>>
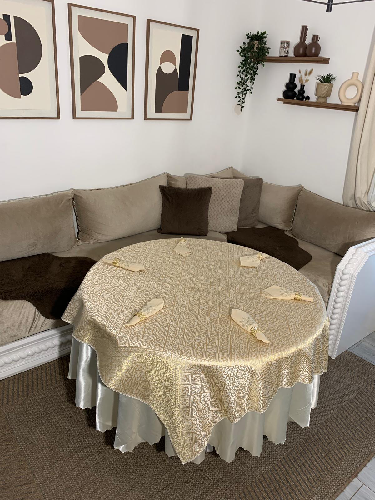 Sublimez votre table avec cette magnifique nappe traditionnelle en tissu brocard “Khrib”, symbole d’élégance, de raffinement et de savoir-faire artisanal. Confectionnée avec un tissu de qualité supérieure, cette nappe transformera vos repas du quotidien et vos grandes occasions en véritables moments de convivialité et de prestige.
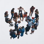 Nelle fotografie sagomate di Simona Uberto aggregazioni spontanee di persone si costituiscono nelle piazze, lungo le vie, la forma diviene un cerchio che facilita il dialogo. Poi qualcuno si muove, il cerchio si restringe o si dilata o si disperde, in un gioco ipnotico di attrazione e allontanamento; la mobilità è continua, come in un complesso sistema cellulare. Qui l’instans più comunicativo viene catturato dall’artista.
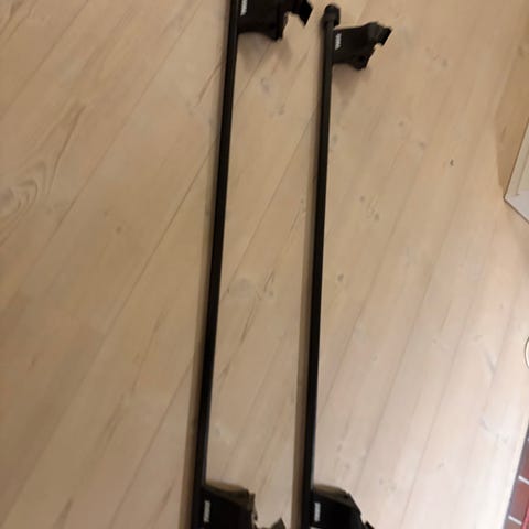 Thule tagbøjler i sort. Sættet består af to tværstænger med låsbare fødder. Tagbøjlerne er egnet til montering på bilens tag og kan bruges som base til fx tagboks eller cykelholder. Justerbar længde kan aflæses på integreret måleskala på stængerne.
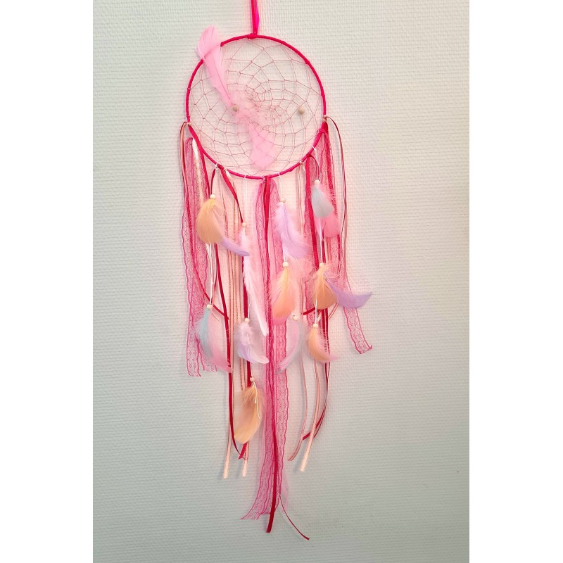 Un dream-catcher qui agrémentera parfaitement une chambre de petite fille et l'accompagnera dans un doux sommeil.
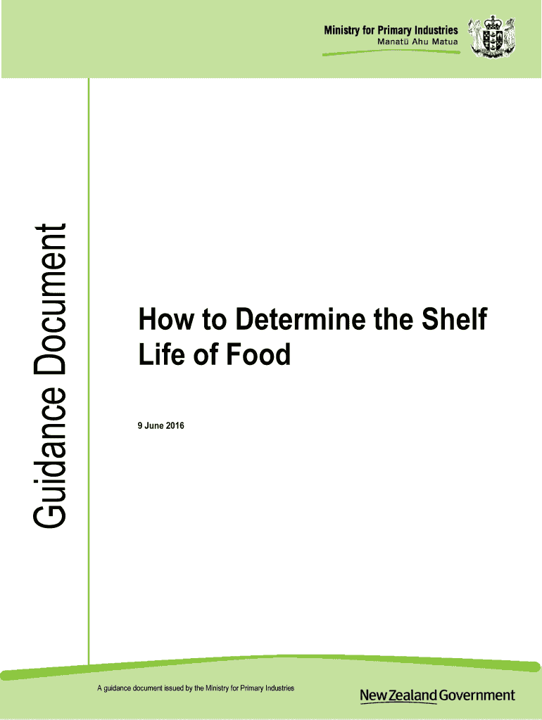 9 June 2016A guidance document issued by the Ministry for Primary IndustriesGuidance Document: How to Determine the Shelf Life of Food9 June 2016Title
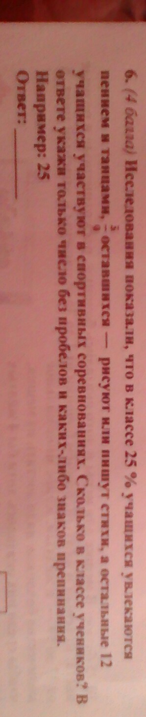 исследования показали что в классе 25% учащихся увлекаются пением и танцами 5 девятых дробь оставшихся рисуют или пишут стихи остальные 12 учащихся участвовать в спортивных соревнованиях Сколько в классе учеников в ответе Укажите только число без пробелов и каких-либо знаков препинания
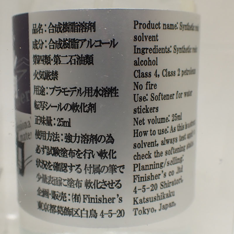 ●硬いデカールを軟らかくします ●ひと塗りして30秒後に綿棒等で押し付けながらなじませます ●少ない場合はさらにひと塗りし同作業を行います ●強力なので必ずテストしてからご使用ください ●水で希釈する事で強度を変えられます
<<
● TASK DIRECTIONS
Every line above is to be duplicated exactly; no picture should be carried over.

● COMPLETED EXERCISE
 Sublimez votre table avec cette magnifique nappe traditionnelle en tissu brocard “Khrib”, symbole d’élégance, de raffinement et de savoir-faire artisanal. Confectionnée avec un tissu de qualité supérieure, cette nappe transformera vos repas du quotidien et vos grandes occasions en véritables moments de convivialité et de prestige.
 Nelle fotografie sagomate di Simona Uberto aggregazioni spontanee di persone si costituiscono nelle piazze, lungo le vie, la forma diviene un cerchio che facilita il dialogo. Poi qualcuno si muove, il cerchio si restringe o si dilata o si disperde, in un gioco ipnotico di attrazione e allontanamento; la mobilità è continua, come in un complesso sistema cellulare. Qui l’instans più comunicativo viene catturato dall’artista.
 Thule tagbøjler i sort. Sættet består af to tværstænger med låsbare fødder. Tagbøjlerne er egnet til montering på bilens tag og kan bruges som base til fx tagboks eller cykelholder. Justerbar længde kan aflæses på integreret måleskala på stængerne.
 Un dream-catcher qui agrémentera parfaitement une chambre de petite fille et l'accompagnera dans un doux sommeil.
 9 June 2016A guidance document issued by the Ministry for Primary IndustriesGuidance Document: How to Determine the Shelf Life of Food9 June 2016Title
 исследования показали что в классе 25% учащихся увлекаются пением и танцами 5 девятых дробь оставшихся рисуют или пишут стихи остальные 12 учащихся участвовать в спортивных соревнованиях Сколько в классе учеников в ответе Укажите только число без пробелов и каких-либо знаков препинания
 ●硬いデカールを軟らかくします ●ひと塗りして30秒後に綿棒等で押し付けながらなじませます ●少ない場合はさらにひと塗りし同作業を行います ●強力なので必ずテストしてからご使用ください ●水で希釈する事で強度を変えられます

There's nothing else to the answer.